The hype around mHealth now mainstream

gimlet-eyeThe Gimlet Eye appreciates a little support from the kind-of-mainstream HuffPo in questioning some of the overheated enthusiasm around mHealth and the app explosion now estimated at 44 million downloads this year. Barbara Ficarra takes an even-handed and reasonably thorough approach appropriate for a general audience, first defining mHealth (including fitness tracking), tracking the buzzy explosion in social media chatter, itemizing the wildly varying projections (Frost & Sullivan’s $392 million in US by 2015, research2guidance’s $1.3 billion globally this year), but then gets down to cases with questioning how consumers and doctors will know which apps are accurate, safe and reliable. Mentioned as ‘trusted suppliers’ are health providers, American Red Cross, retail drug stores and Happtique’s app certification program for providers [TA 18 July]. FDA is depicted as a necessary wet blanket. And there is always that jaded end user who’s downloading and using the app twice, not putting in actual data and then finding the app not engaging. Is the reality as Dr. Joseph Kvedar of Partners HealthCare put it, “There’s a short shelf life, don’t expect it to change your life.”? Too Much Hype in the Mobile Health App World?

4 thoughts on “The hype around mHealth now mainstream

  1. Hi Donna,

    I made a point by point review of this interesting Huff Post article by Barbara on my blog:

    [url]http://mhealthinsight.com/2012/07/24/is-there-too-much-hype-in-the-mhealth-app-world/ [/url]

    In short:

    > The App market is very very far from being a “no rules to the game”.

    > The NIH consensus definition of mHealth is inaccurate and won’t stand the test of time.

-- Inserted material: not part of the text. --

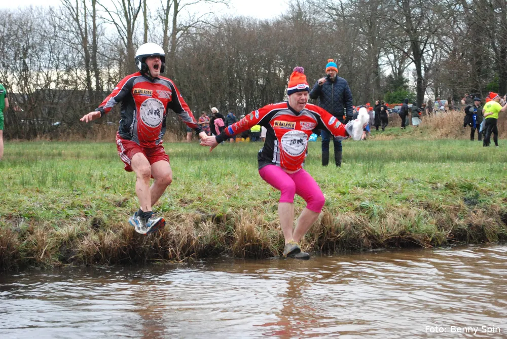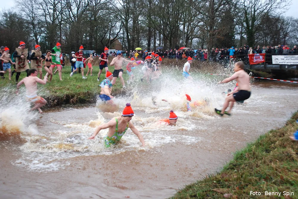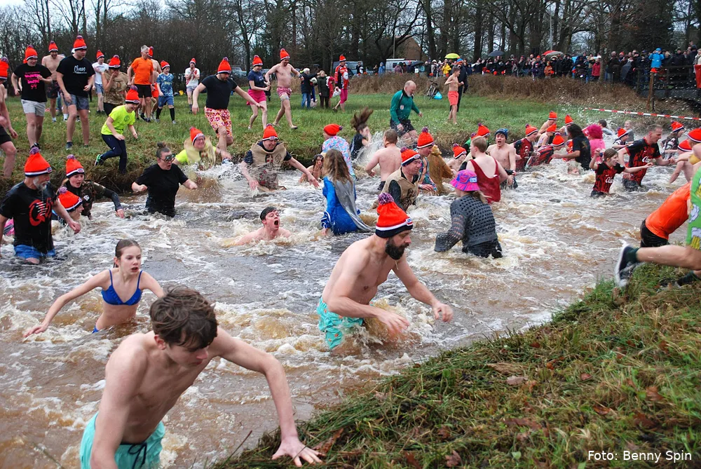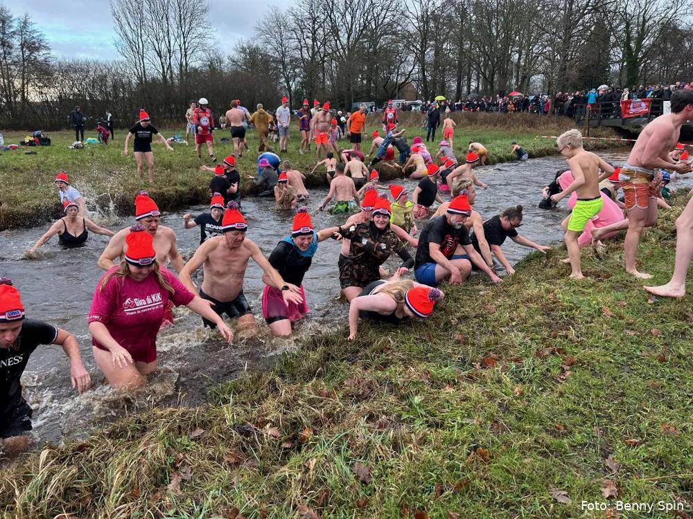 De Wijk - Her en der in het land werden nieuwsjaarsduiken afgelast, uiteraard niet in de Wijk. Klokslag 14.00 uur op nieuwjaarsdag 2026 vond de 22e editie van de Unox Nieuwjaarsduik plaats, georganiseerd door motorclub De Antrappers uit De Wijk.
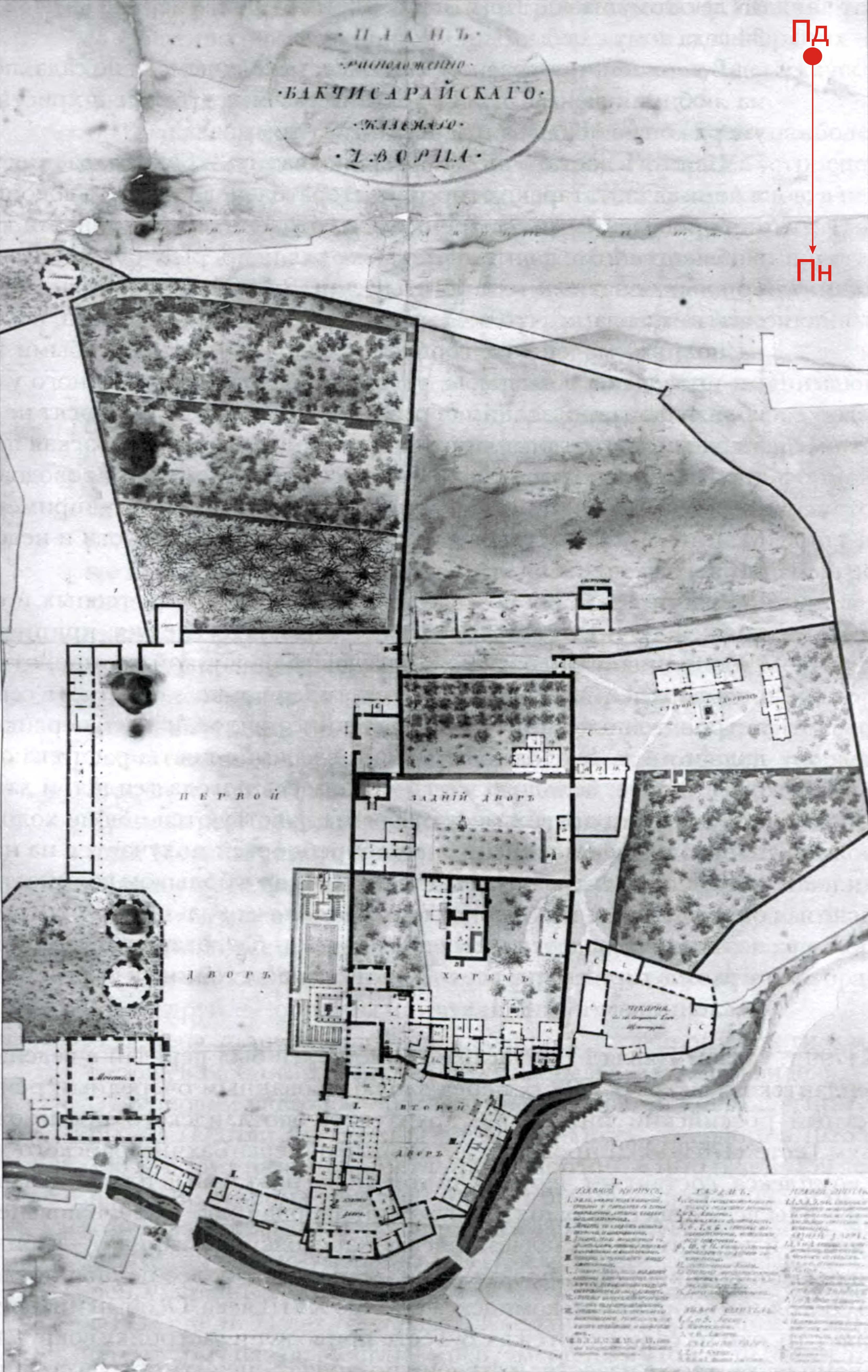 1798 р. План першого поверхуРозмір зображення: 3317:5242 піксел План першого поверху В. Гесте, 1798 р., 1-й варіант [Ибрагимова А. И. Бахчисарайский ханский дворец 16 – 18 вв. – К.: 2015 г., c. 32, рис. 10]. |

    > mHealth isn’t in its infancy and the significant revenue projections from research organisations that sell expensive papers are to be expected but still don’t even keep up with the native mHealth app market

    > The idea of the FDA providing a “filter” that will reassure consumers is fanciful

    > In my opinion it’s odd to suggest that “mobile technology may help to transform the lives of patients and provide a stronger partnership with health care providers’ when it already is…

    > I thought the idea of a printed magazine to tell you how to use an iPad is funny (i see half a dozen selling in airport news stands) but a set of books to help consumers navigate mHealth apps is in my opinion completely missing the point.

  2. The danger is when we start to believe the inflated consultant reports that continuously predict that healthcare is at the edge of a major technology led transformation. I have been seeing these reports for the thirty years I have been in healthcare, and the reality is that despite the enormous promise of transformational changes in healthcare, the reality is that the only thing that actually changes healthcare is reimbursement reform. If you look at the reform underway in the USA today, it basically brings them onto a par with the rest of the civilized world in recognizing that healthcare is a universal right, and that to make it so, the providers need to be guaranteed payment. The tools they select to deliver the care will vary, and at the end of the day you can’t replace the clinical acumen of a trained professional who is rewarded for delivering high quality care, and has the social responsibility to want to improve the quality of life of their patients. MHealth is just another tool in their arsenal, it facilitates their interaction with their patient and their peers, but it does not replace it.
    We are very much still on the hype phased MHealth, until such time as it becomes ingrained in clinicians and consumers behaviour,or reimbursement is provided for its use,it will not become mainstream. That cannot be driven by reports that predict its success, only by the systematic use and evaluation of the healthcare profession itself.

  3. @George Margelis

    “We are very much still on the hype phased MHealth, until such time as it becomes ingrained in clinicians and consumers behavior,or reimbursement is provided for its use,it will not become mainstream.”

    What makes you think it isn’t ingrained?

    Most of the clinicians I meet with have their mobiles turned on permanently and find it difficult to remember when they were last unreachable as during work/conferences etc most of them now have it switched to silent. Typical answers include “when I flew to X I had it off but I turned it on as soon as I landed”.

    I was in a waiting room yesterday and all 15 patients there had received SMS appointment reminders.

  4. SMS (text in the US) is becoming more routine for appointments–my chiropractor’s been using it for some years. But the buzzy stuff around mHealth isn’t this or even Text4Baby or other health reminders, unfortunately. It’s the consumer self-tracking, ‘quantified self’ cool devices, and imaging stuff that gets all the hype. I believe we’ll see the last becoming routine on a professional level (because it’s an [u]evolution[/u] from PC to mobile) long before pure self-tracking for diabetes (for instance) gets adopted by the consumer on a consistent basis. My bet would be that it will have to be packaged up and made ‘fun’ or rewarding in some way to go mainstream.